Items from a dataset:
>>
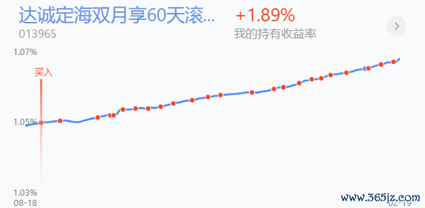 2、加仓1个单位$达诚定海双月享60天滚动持有短债债券C$,债券延续牛市行情,昨天债基纷纷下蛋,这一波持仓债基多的真是赚了,达诚定海双月债很有优势,它不是收益率最强的那只基金,但如果想要综合收益和回撤两点优势的话,就是它了,很少看到回撤,所以在我的债基配置里达诚双月债的持仓是最多的,已经达到6万元了。
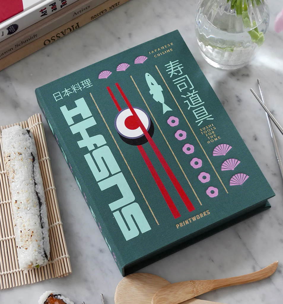 Endecken Sie unser Essential Kit für Sushi-Abende von PRINTWORKS, geschickt getarnt als elegante buchänliche Box. Beim Öffnen endecken Sie alle wichtigen Werkzeuge für ein erfolgreiches Sushi-Abenteuer. Ale Werkzeuge sind aus rostfreiem Stahl und spülmaschinenfest.
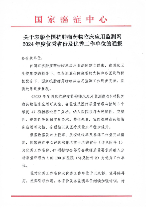 抗肿瘤药物临床应用监测工作获得了国家癌症中心的认可。
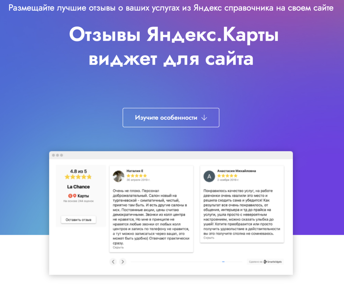 SmartWidgets позволяет быстро и легко интегрировать реальные отзывы с Яндекс.Карт на сайт.
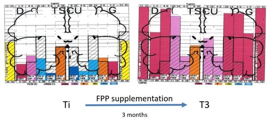 There is, at the moment, no recognized standardized treatment of EHS. There are, however, some treatments that could be indicated, on the basis of biological investigations. We showed, for example, that patients with EHS present frequently with a profound deficit in vitamins and trace elements, especially in vitamin D and zinc, which should be corrected [,,]. Anti-histaminics should also be used in the case of increased histamine in the blood. Furthermore, antioxidants such as glutathione and, more specifically, anti-nitrosative medications should also be used in case of oxidative/nitrosative stress. Moreover, as exemplified in Figure 5, we showed that natural products such as fermented papaya preparation (FPP) and ginkgo biloba can restore brain pulsatility in the various middle cerebral artery-dependent tissue areas of temporal lobes, thereby improving brain hemodynamics and, consequently, brain oxygenation []. Since FPP was shown to possess some antioxidant, anti-inflammation, and immune-modulating properties [,,], we recommend the use of this widely available natural product.
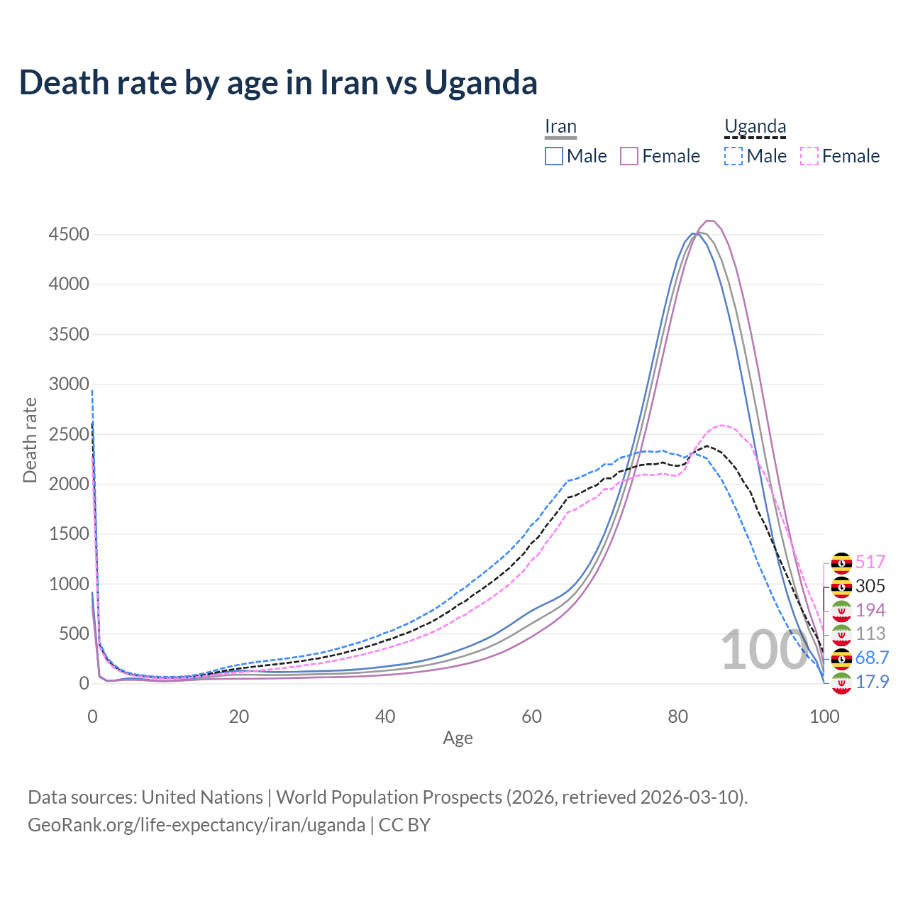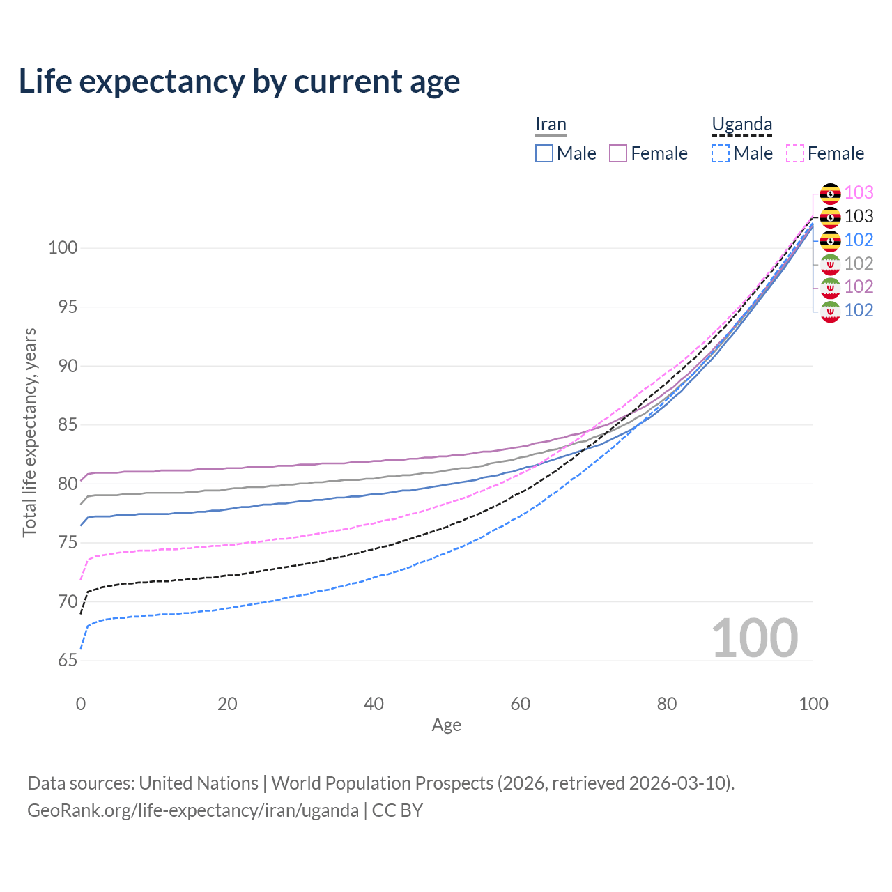 This life expectancy calculator shows the odds of living to 100, 95, 90, and below based on current age for both males and females in Iran and Uganda, along with mean and median age of death. The calculations are based on the 2026 life tables (actuarial tables) from the UN World Population Prospects.
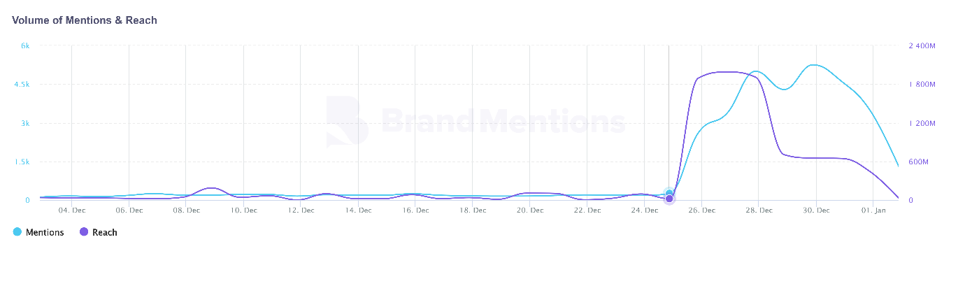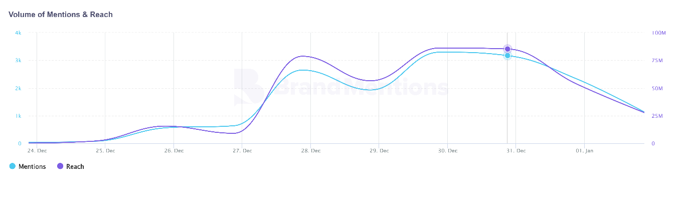 بلغت الحملة ذروتها الأولى في 28 كانون الأول/ ديسمبر، ثم بلغت ذروتها الثانية في 30 كانون الأول/ ديسمبر، حددنا منصة "إكس" بما أنها استحوذت على حوالي نصف حجم المحتوى، وقد شارك في النشر على منصة "إكس" 7339 حساب.
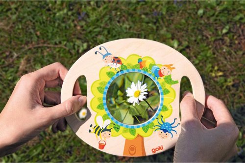 Detská lupa s praktickým úchopom je vyrobená z masívneho dreva.
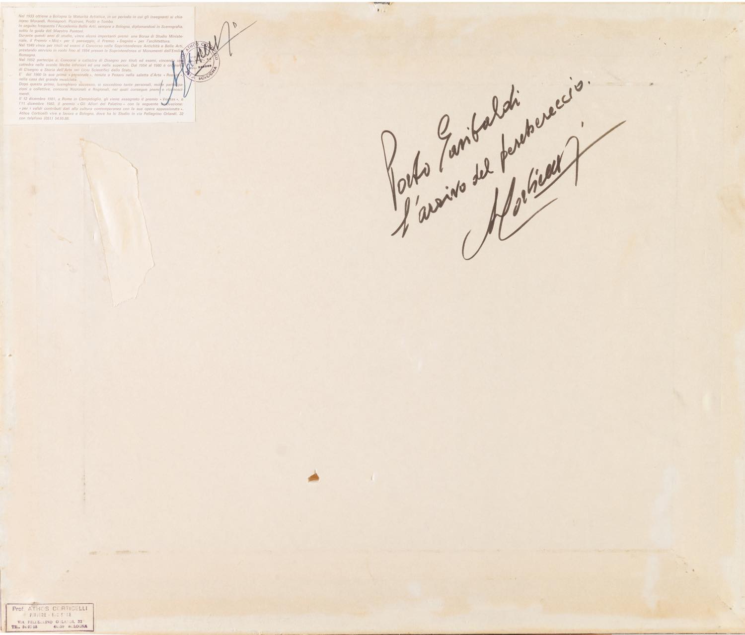 Olio su cartone telato, firmato e datato in basso a destra, reca al retro titolo, firma, timbro ed etichetta dell’artista, H cm 21.5x32 - H cm 62. Provenienza: Collezione Privata - Bologna.
<<
WHAT IS REQUIRED: Your copy must start at the line that holds "This life expectancy" and end at the last line of the data, both included; it must contain no pictures.

RESPONSE TO THE TASK:
 This life expectancy calculator shows the odds of living to 100, 95, 90, and below based on current age for both males and females in Iran and Uganda, along with mean and median age of death. The calculations are based on the 2026 life tables (actuarial tables) from the UN World Population Prospects.
 بلغت الحملة ذروتها الأولى في 28 كانون الأول/ ديسمبر، ثم بلغت ذروتها الثانية في 30 كانون الأول/ ديسمبر، حددنا منصة "إكس" بما أنها استحوذت على حوالي نصف حجم المحتوى، وقد شارك في النشر على منصة "إكس" 7339 حساب.
 Detská lupa s praktickým úchopom je vyrobená z masívneho dreva.
 Olio su cartone telato, firmato e datato in basso a destra, reca al retro titolo, firma, timbro ed etichetta dell’artista, H cm 21.5x32 - H cm 62. Provenienza: Collezione Privata - Bologna.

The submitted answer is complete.